**What you need to do**
Your output must be the lines below from the line containing "Single. 4 PrimariaRepaso" to the line containing "Download online Student", both lines included, reproduced exactly and without pictures.

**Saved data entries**
--------
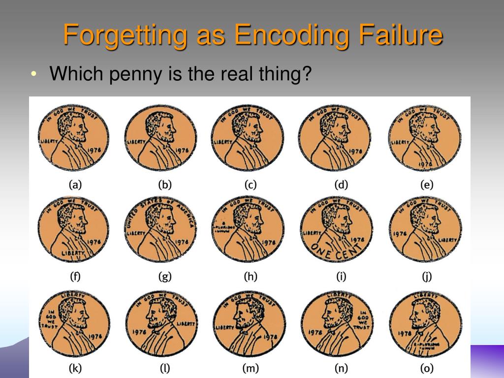Forgetting as Encoding Failure • Which penny is the real thing?
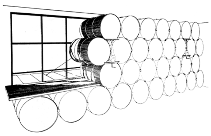 - Ganancia indirecta: aquí hay dos grandes tipos. El muro Trombe (con y sin ventilación) y los acumuladores en los techos (“roof ponds”).
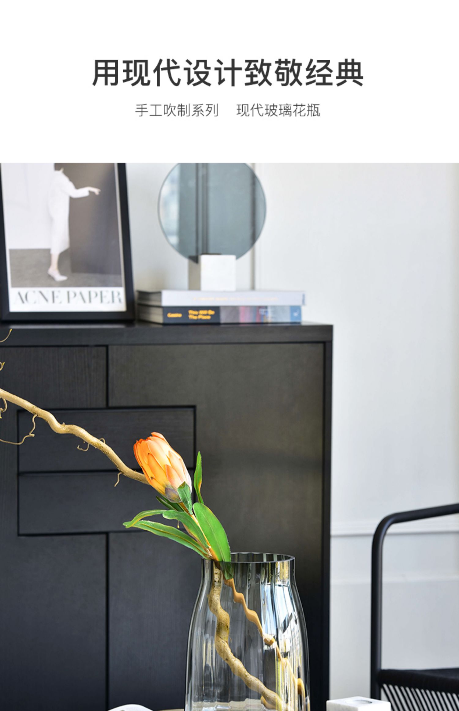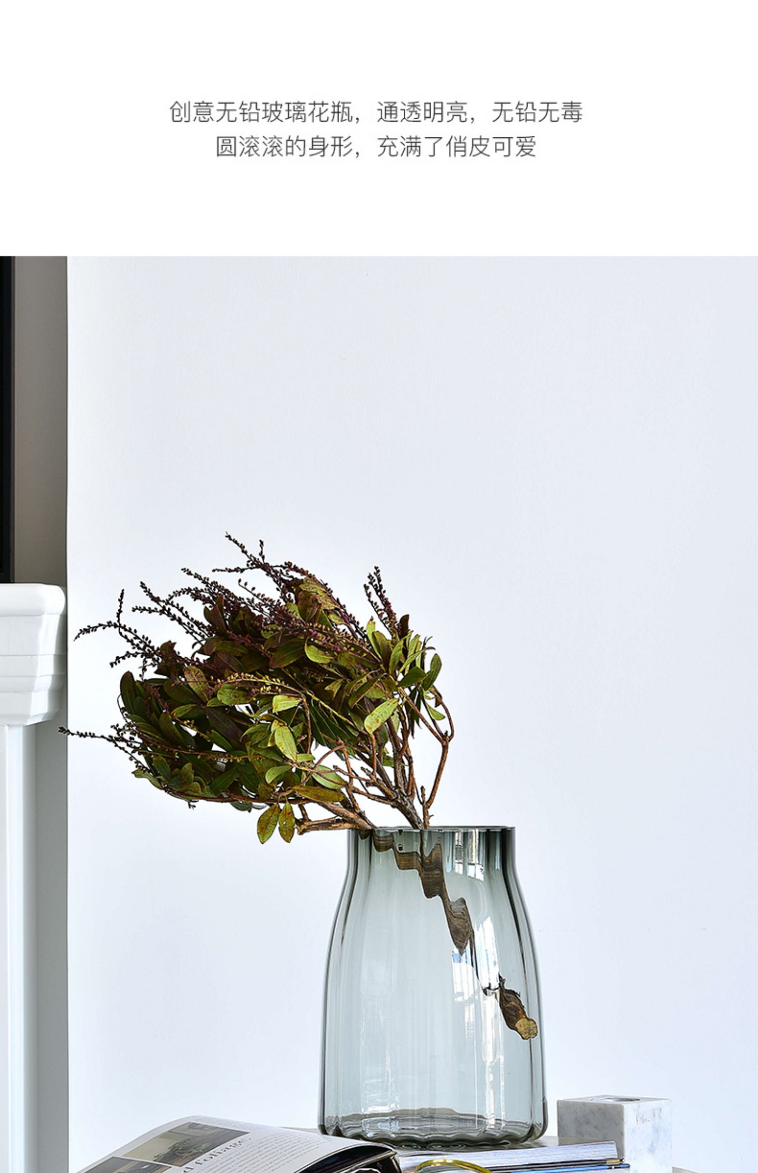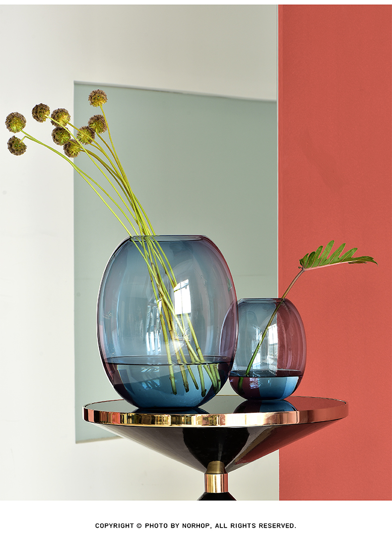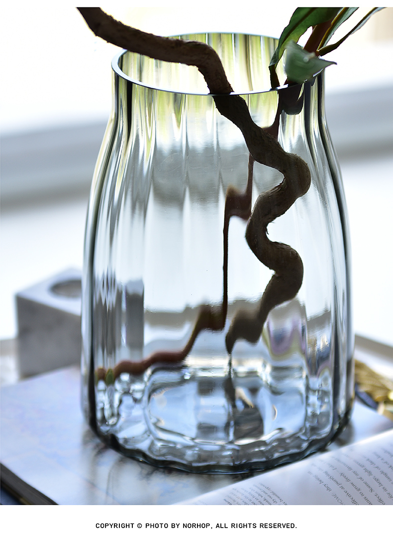 碧轩现代简约透明玻璃花瓶摆件 欧式轻奢玻璃客厅插花花瓶餐厅装饰品
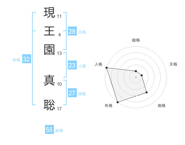 現王園 真聡さんを姓名の画数から五運を鑑定
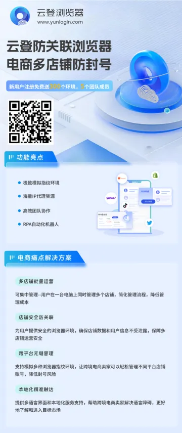 而云登指纹浏览器专为 跨境电商、社媒矩阵、品牌营销、多账号团队运营 场景而生。 — 它是辰链自主研发、拥有完全自主知识产权的跨境电商“多店铺防关联 & 安全运营”平台。
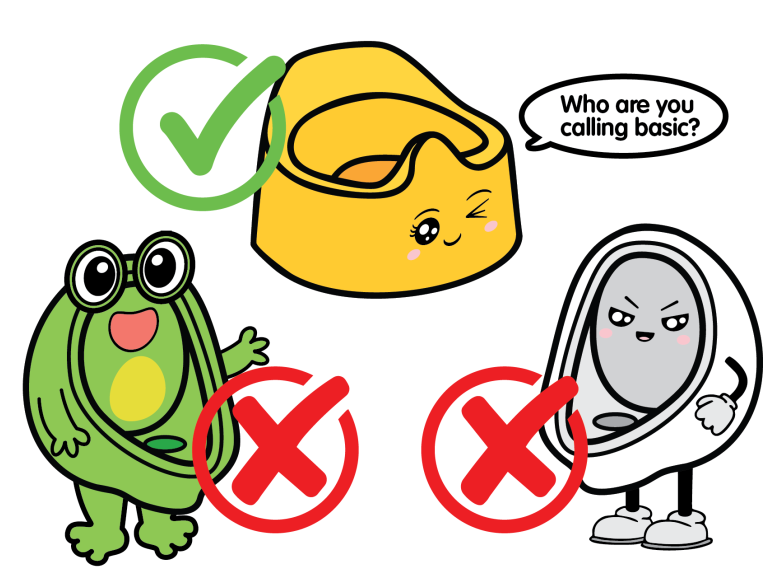 Basic potties are good enough – it doesn’t have to play music, or flush, or look like a toilet.
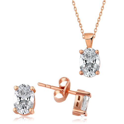 Silver Rose Oval Stone Set of TwoWouldn't you like to buy the most special gift that will suit and symbolize your love? Rose plated oval earrings and necklace are a stylish product that can be used easily in daily life with its minimal design. This set, which highlights feminine refinement with its simple elegant design, is waiting for you. Rose plated on silver. Rose plated silver women's set models preserve their shine for a long time and oxidation is delayed. The stones on the silver set model are zircon. The average length of the silver chain is 45 cm. Silver rose oval stone set is handmade. There may be ± 10% deviation in the specified product weight due to silver and precious stones.Width: 0.50 cmLength: 0.70 cmAvg. Weight: 3.50 gr.
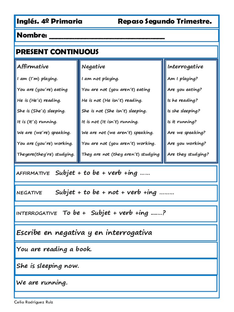 Single. 4 PrimariaRepaso Segundo Trimester. Hombre: ___PRESENT CONTINUOUS
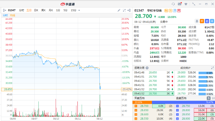 华虹半导体今日大跌13%,报价28.7港元。华虹半导体2020财年中期盈利3814万美元,同比下降58.01%;营业收入4.54亿美元,同比下降0.77%。毛利率由31.6%下降8.0个百分点至23.6%。
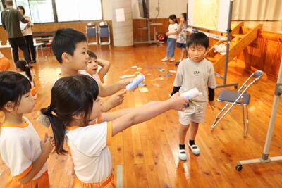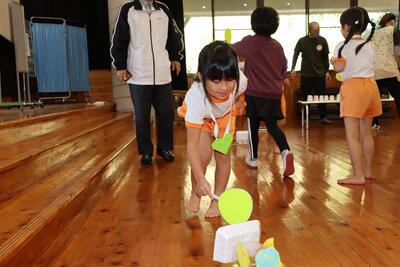 ふれあいじゃんけんやしりとりゲーム、風船バレーにかたもみタイムと、
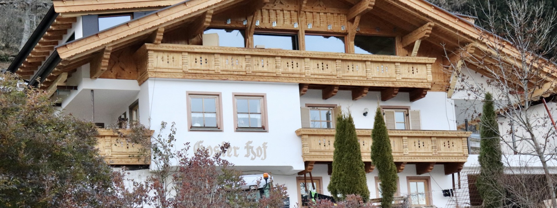 Der Hof hat sich im Laufe der Zeit stetig weiterentwickelt und seit einigen Jahren widmen wir uns der Direktvermarktung unserer hofeigenen Produkte. Jüngst wurde der Bau des Hofchalets und des Bauernhauses abgeschlossen. Der gesamte Hof wird durch die eigene Hackschnitzel-, Solar- und Photovoltaikanlage nachhaltig betrieben, das benötigte Holz liefern unsere Wälder. Durch die eigene Bergquelle werden sämtliche Gebäude und Infrastrukturen am Hof mit frischem Quellwasser versorgt. Zum Goster gehören ausgedehnte Grünland- und Bergwiesen, Wälder und Almflächen – wertvolle Naturflächen, die hochwertiges Grundfutter für unsere zahlreichen Tiere liefern und die bäuerliche Vielfalt unseres Hofes prägen.
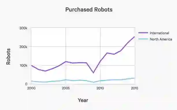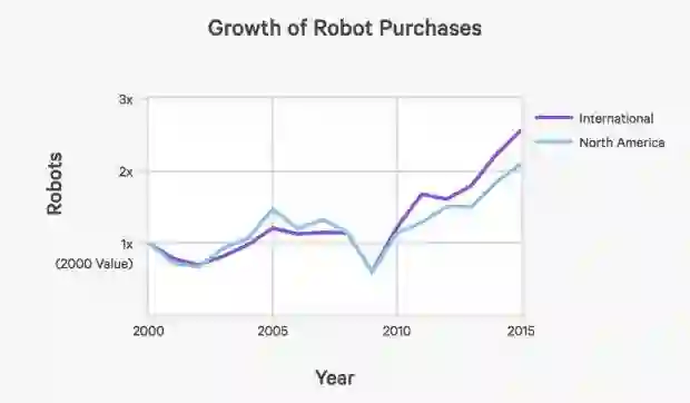 再来看自动化应用的情况,下图展示了北美和全球工业机器人的购买以及购买增幅。工业机器人的使用正在增加。
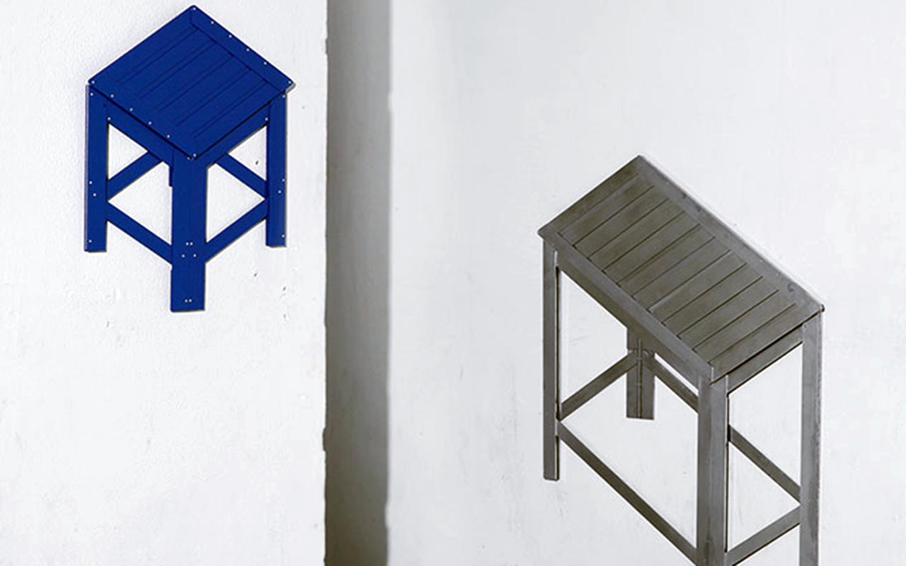 The mobile houses at BIG BERRY are rather small than big which is why they require a very well thought through interior design in order to fit everything that is needed yet keeping enugh space to live. Jongha Choi, a Korean designer, has created an innovative way to make the best use of small living spaces and smilutaneously giving it creative 2D wall decoration. Choi's collection "De-Dimension" is both simple and effective. Stools and benches, that are part of the collection, can be folded down into (alomst) 2D objects and then be hung on handy hinges on the wall or pout out of the way. Choi created the idea by "researching pop-up books and mechnical movement which was quite a time-consuming process. His 2D furniture is simply great for hosting many people, dancing with knocking into your furniture and, of course, make te most out of small living spaces.
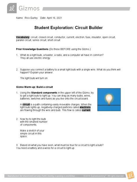 Download online Student Exploration Circuit Builder Explorelearning 54851 PDF Free Reading
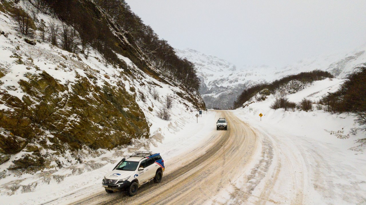 Nuestra travesía 4x4 comienza con la salida desde el hotel en Ushuaia, adentrándonos en un imponente valle glaciario cubierto de nieve. La primera etapa del viaje culmina en el Paso Garibaldi, el único paso carretero que atraviesa el majestuoso encadenamiento de los Andes Fueguinos. Desde este punto elevado de la Cordillera, tendremos una vista privilegiada de las cumbres nevadas y del Lago Escondido, una pequeña maravilla natural que más tarde recorreremos de Sur a Norte a lo largo de la Ruta Nacional 3.
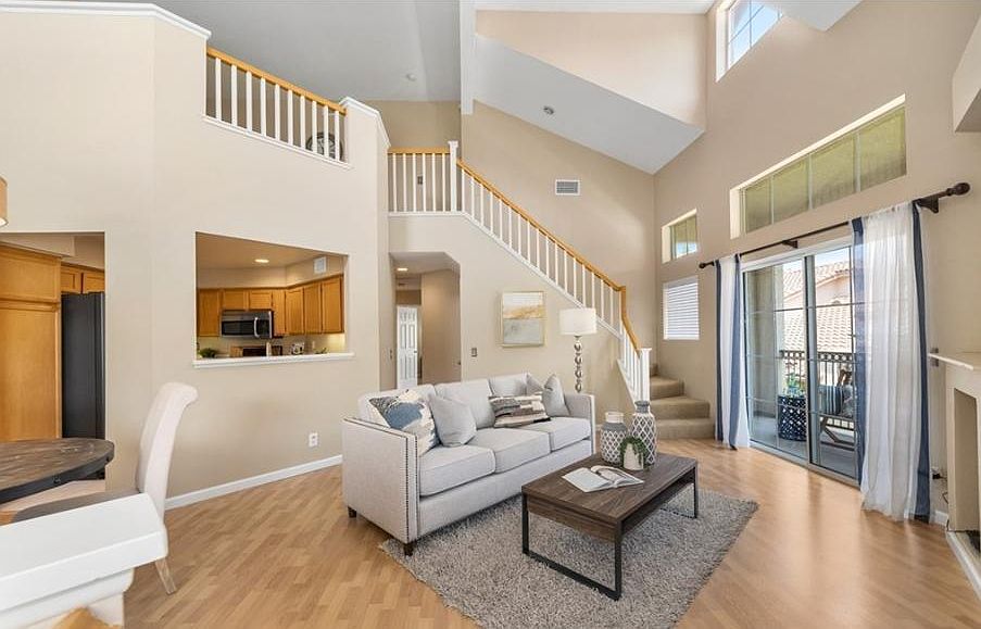 Condo with two bedrooms, two bathroom, and a spacious open loft! Located in the gated community of Viewpoint North in a cul-de-sac next to large greenbelt. Two car attached garage with cabinets and direct access to home. Ground floor entry with stairwell that leads to main floor - bedrooms, sizable living room, and dining room. Living room includes a fireplace and private balcony. High ceilings add to light and bright feeling throughout the home. Kitchen includes stainless steel appliances, maple cabinets, and opens to living and dining rooms. A spacious loft sits above living room and is perfect for a home office or den. Master bedroom offers high ceilings with walk-in closet and dual sink vanity in master bathroom. Secondary guest bedroom also has high ceilings and full bathroom just outside in hallway. Condo includes indoor laundry. Viewpointe North features two pools, five spas, club house and two gated entrances to community.
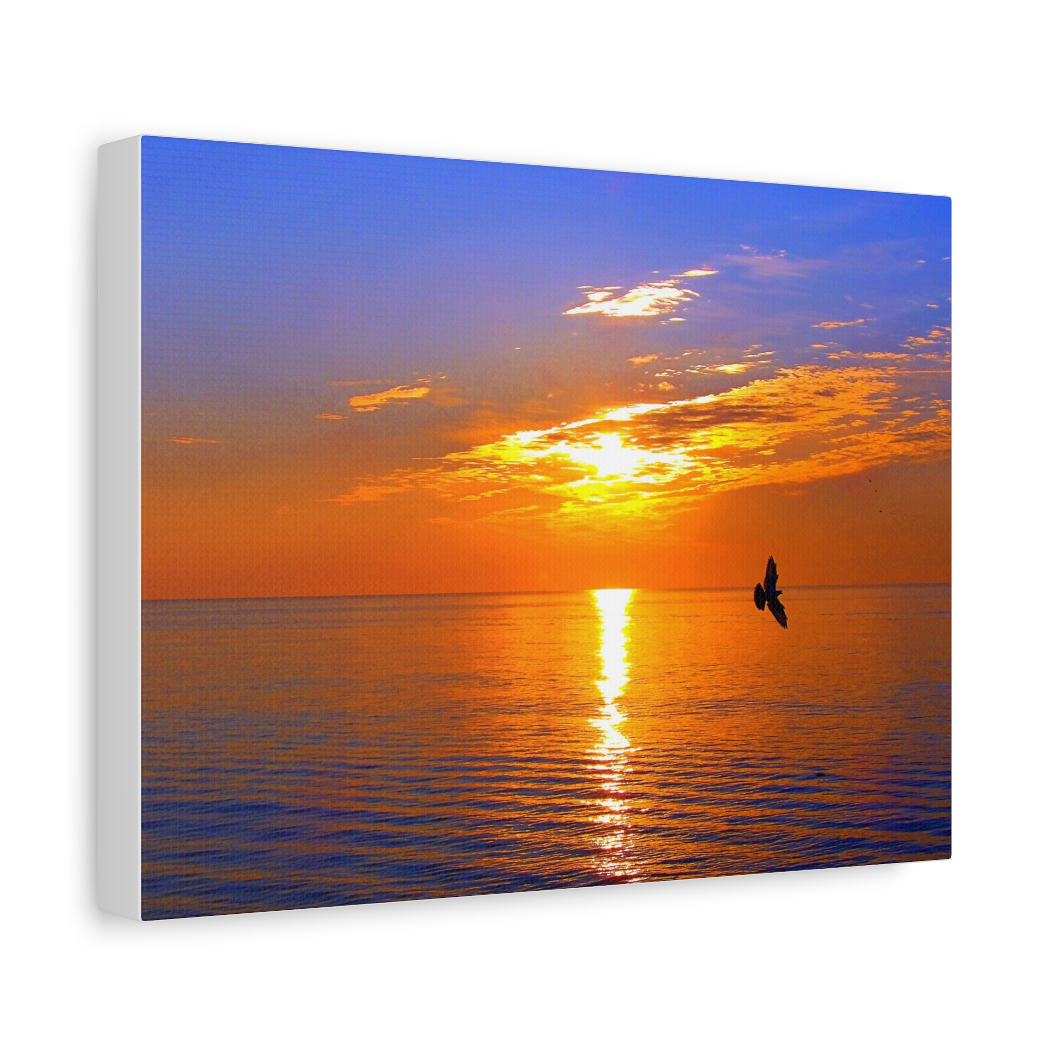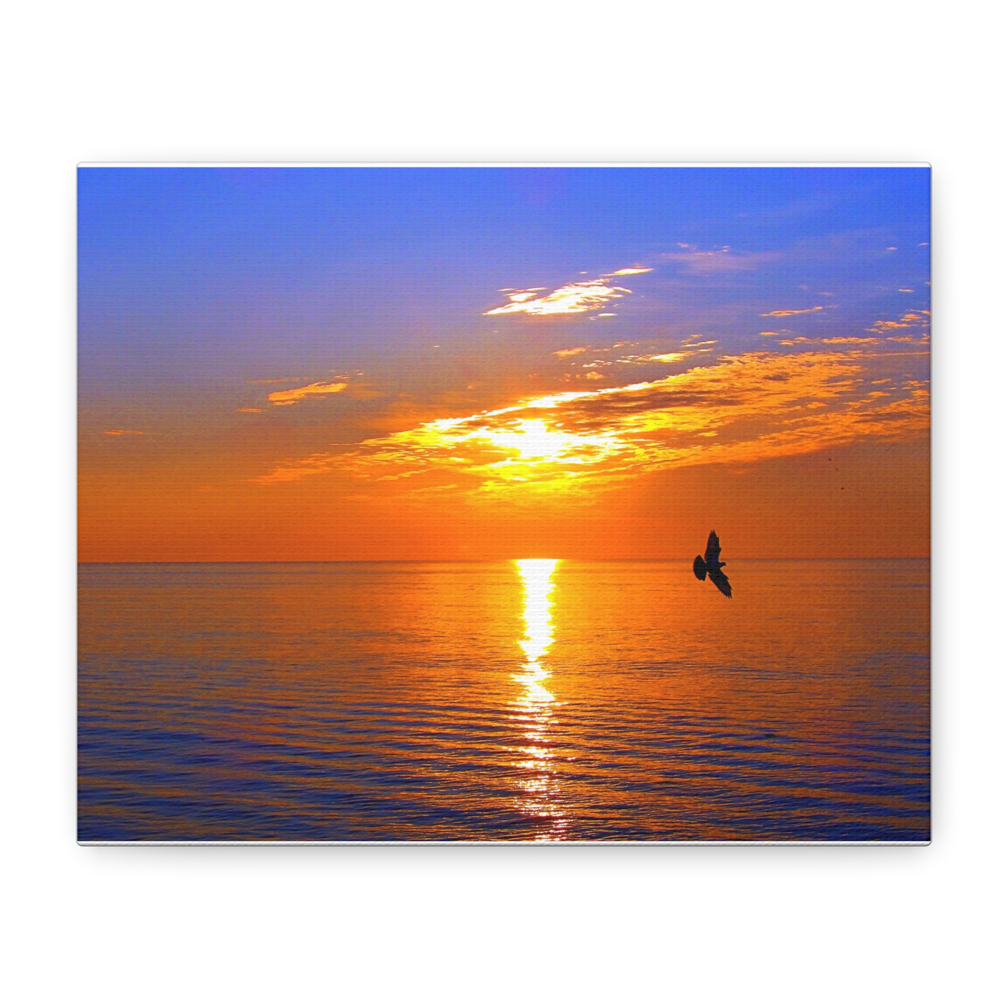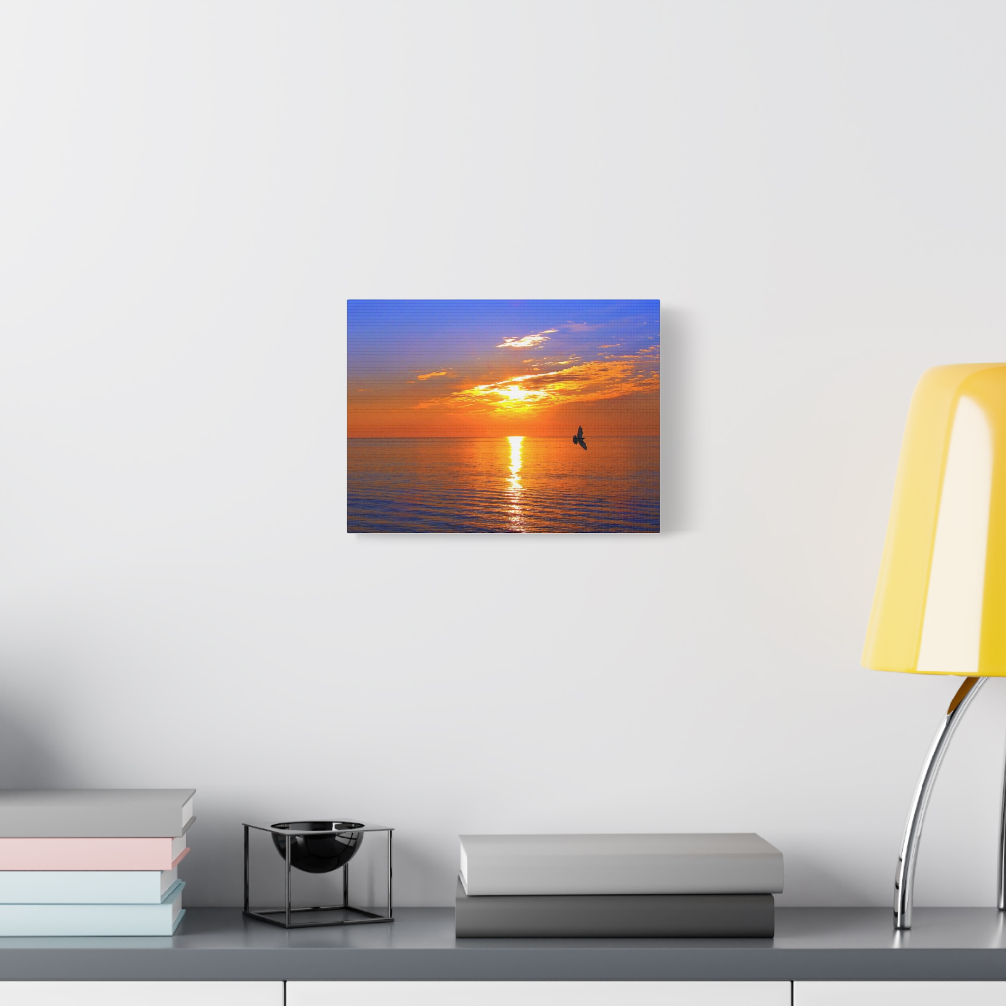 Transform your space into a serene sanctuary with this stunning Stretched Canvas. Featuring a breathtaking sunset over tranquil waters, this piece radiates warmth and calmness. Perfect for home decor, it effortlessly enhances living rooms, bedrooms, and office spaces alike. Ideal for anyone seeking to infuse their ambiance with peaceful vibes, it makes a wonderful gift for nature lovers, art enthusiasts, or anyone wanting to add a touch of beauty to their surroundings. Celebrate occasions like housewarming parties, weddings, or simply treat yourself to this captivating artwork. It’s a delightful way to bring a slice of serene nature indoors during any season or occasion.
--------
**Reply**
 Single. 4 PrimariaRepaso Segundo Trimester. Hombre: ___PRESENT CONTINUOUS
 华虹半导体今日大跌13%,报价28.7港元。华虹半导体2020财年中期盈利3814万美元,同比下降58.01%;营业收入4.54亿美元,同比下降0.77%。毛利率由31.6%下降8.0个百分点至23.6%。
 ふれあいじゃんけんやしりとりゲーム、風船バレーにかたもみタイムと、
 Der Hof hat sich im Laufe der Zeit stetig weiterentwickelt und seit einigen Jahren widmen wir uns der Direktvermarktung unserer hofeigenen Produkte. Jüngst wurde der Bau des Hofchalets und des Bauernhauses abgeschlossen. Der gesamte Hof wird durch die eigene Hackschnitzel-, Solar- und Photovoltaikanlage nachhaltig betrieben, das benötigte Holz liefern unsere Wälder. Durch die eigene Bergquelle werden sämtliche Gebäude und Infrastrukturen am Hof mit frischem Quellwasser versorgt. Zum Goster gehören ausgedehnte Grünland- und Bergwiesen, Wälder und Almflächen – wertvolle Naturflächen, die hochwertiges Grundfutter für unsere zahlreichen Tiere liefern und die bäuerliche Vielfalt unseres Hofes prägen.
 再来看自动化应用的情况,下图展示了北美和全球工业机器人的购买以及购买增幅。工业机器人的使用正在增加。
 The mobile houses at BIG BERRY are rather small than big which is why they require a very well thought through interior design in order to fit everything that is needed yet keeping enugh space to live. Jongha Choi, a Korean designer, has created an innovative way to make the best use of small living spaces and smilutaneously giving it creative 2D wall decoration. Choi's collection "De-Dimension" is both simple and effective. Stools and benches, that are part of the collection, can be folded down into (alomst) 2D objects and then be hung on handy hinges on the wall or pout out of the way. Choi created the idea by "researching pop-up books and mechnical movement which was quite a time-consuming process. His 2D furniture is simply great for hosting many people, dancing with knocking into your furniture and, of course, make te most out of small living spaces.
 Download online Student Exploration Circuit Builder Explorelearning 54851 PDF Free Reading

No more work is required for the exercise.